This is built on the Qt Model Views, if you're not familiar with that it might be worth having a look at the pyqt5 model views tutorials. I used the "todo" example there as the basis for this.

The addition is to implement the QStyleItemDelegate. This allows us to draw our own custom widget view for each item in the list. This is where we draw our text and the bubbles. See this introduction to QPainter if you're not familiar with that.

The tricky part here is we need to know the size of the text in order to draw the bubble. That's handled on the delegate .sizeHint which uses font metrics to determine the size of the box. It's a bit faffy.

The data is stored in a list of tuples with user, message and the user is either 0 or 1 for "me" or "them". You can push a message into the chat using add_message.

You should be able to drop this into your application, hook up the add_message method and have it work, but let me know if you have any problems.


martin | 2020-07-07 10:30:32 UTC | #7

Sorry I don't follow, do you mean resize? Have you replaced your text edit with the list view & model?

Can you post a screenshot/the code so I can see what's happening.


Guasco | 2020-07-07 11:07:40 UTC | #9

Can I send you the zip file? I set up various images and stylesheets


martin | 2020-07-07 11:51:21 UTC | #10

Sure thing, zip would be fine.

In your code your main window subclasses from the delegate, e.g.

python
class ChatApp(QMainWindow, __richiamo_pubnub, MessageDelegate):

...you don't need to do that. You're creating the delegate object and passing it to the view (further down).

Either way, your example works for me & the chat bubbles resize to the text.

example|690x377


Guasco | 2020-07-07 12:29:26 UTC | #12

I am sending you the zip file along with a screenshot of what happens when the message gets long, but could you give me some advice on how to align the other message when another user is sending the messages?

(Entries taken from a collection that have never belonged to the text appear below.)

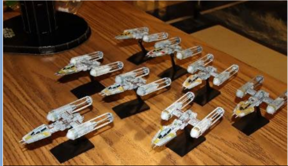
Sci-Fi, 1 st Place Y-wings of Gold Squadron by Ben Hardaway
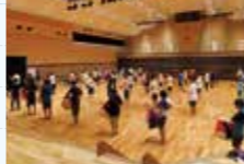
Onna Village Tourism Association Eisa Experience P06 Harvesting and Sugar Making P14 Hari Racing P12 Sanshin Experience P37 Okinawan Home Cooking Class P38
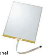
5 Wire Panel
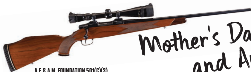
A.F. & A.M. FOUNDATION 501(C)(3)

CAR SHOW | BOUNCE HOUSE | RAFFLE UP TO $10,000 CASH, UP TO 10 FIREARMS & MUCH, MUCH MORE!
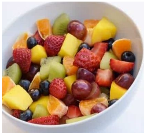
Making a fruit salad
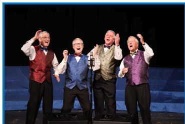
Quirks of Art
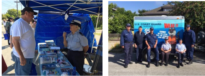
Flotilla 12-01 at the San Leandro Cherry Festival
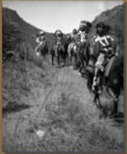
Rattlesnake Gulch 1912 Dedication Ride (Pikes Peak Library Dist)

The Ute Indian Trail is one of the oldest migratory routes in the United States, its use dating back to 10,000 years ago. Ute people used the trail to access rich hunting grounds in South Park, trade with other tribes, and for spiritual pilgrimages to the sacred Manitou springs, where the breath of the "Great Spirit" created bubbles and bestowed them with curing powers.
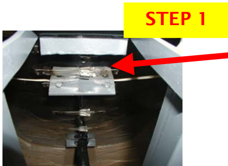
STEP 1 - Undo Bolts on Back of Kiln Firing Chamber
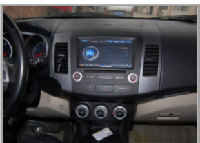
9. The appearance of installed the car DVD player
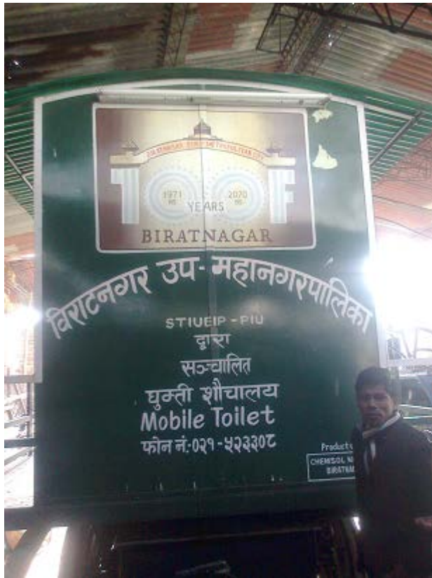
Figure 3. Mobile toilet ready to provide service
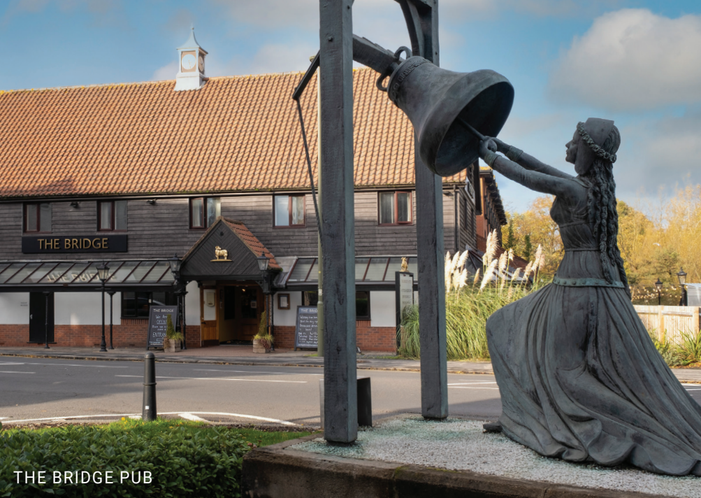
THE BRIDGE PUB
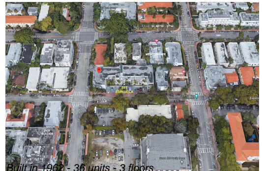
Built in 1962 - 36 units - 3 floors
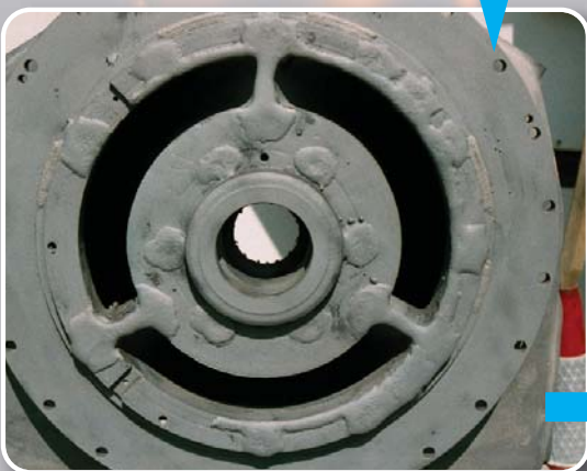
Completed weld and sandblast.
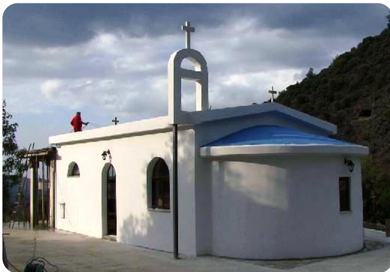
Saint Sozon Church, Cyprus
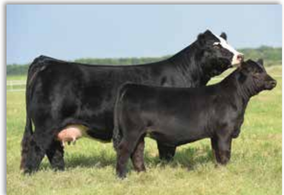
WAGR Chanel 5073C Paternal Granddam of Lots 6 & 7
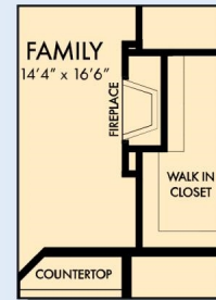
OPTIONAL WALL FIREPLACE AT FAMILY
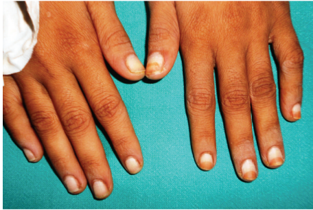
FIGURE 2: Total anolunula in a HIV-positive patient.

seen on the toes [2]. The size of lunula is variable not only among persons but also for each digit in the same person [5]. Lunula is most prominent on the thumb, becoming less prominent in a gradient towards the little finger [2]. Lunular size diminishes with age [5]. Recent studies have reported an increasing tendency of presence of lunulae of all fingers with age until 50–59 years old in males and till 40–49 years old group in females [4].
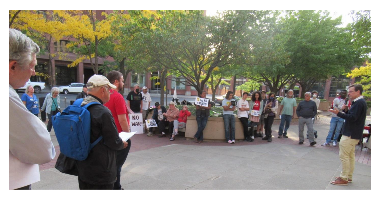
Spokane City Council President Breean Beggs calls for activists with clear core human values to persist.

Beggs announces a first reading and testimony for passage of a Spokane City Council Ordinance declaring our city a Nuclear Weapons Free Zone on October 24<sup>th</sup>, with a vote on November 7, 2022.
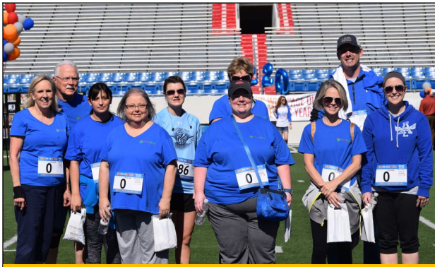
Walkers for Victory!

The CALL Mall has been busy over the past several months. We have had several foster parents come each week. Almost each week, there seems to be a new foster family that has found out about the mall and has been able to get things they needed. Some have come from Carlisle and Jacksonville. We are happy to see that the word is getting out about our Mall and that the Mall can be of help to those who are taking care of and loving on these foster children who so desperately need love! Donations still come in at different times. The Mall has

Thanks for your availability (I sent the email to codereview@learnpyqt.com)


martin | 2020-07-07 15:31:06 UTC | #13

Thanks, got it. The problem is the Qt.TextWordWrap in the code will only break between words (spaces) so in the example you have a single block no breaks it won't wrap. There is another flag Qt.TextWrapAnywhere but that will break in the middle of words.

To wrap between words and only wrap in words when there is no space, you need to use QTextOption with QTextOption.WrapAtWordBoundaryOrAnywhere. To use this we need to change the sizeHint method a bit as without a painter we need to create a QTextDocument to do the calculation.

Working code below ...the only changes are at the bottom of the .paint method and the sizeHint.

python
import sys

from PyQt5.QtCore import QAbstractListModel, QMargins, QPoint, QRectF, QSize, Qt
from PyQt5.QtGui import QColor, QPainter, QTextDocument, QTextOption

# from PyQt5.QtGui import
from PyQt5.QtWidgets import (
    QApplication,
    QLineEdit,
    QListView,
    QMainWindow,
    QPushButton,
    QStyledItemDelegate,
    QVBoxLayout,
    QWidget,
)

USER_ME = 0
USER_THEM = 1

BUBBLE_COLORS = {USER_ME: "#90caf9", USER_THEM: "#a5d6a7"}

BUBBLE_PADDING = QMargins(15, 5, 15, 5)
TEXT_PADDING = QMargins(25, 15, 25, 15)


class MessageDelegate(QStyledItemDelegate):
    """
    Draws each message.
    """

    def paint(self, painter, option, index):
        # Retrieve the user,message uple from our model.data method.
        user, text = index.model().data(index, Qt.DisplayRole)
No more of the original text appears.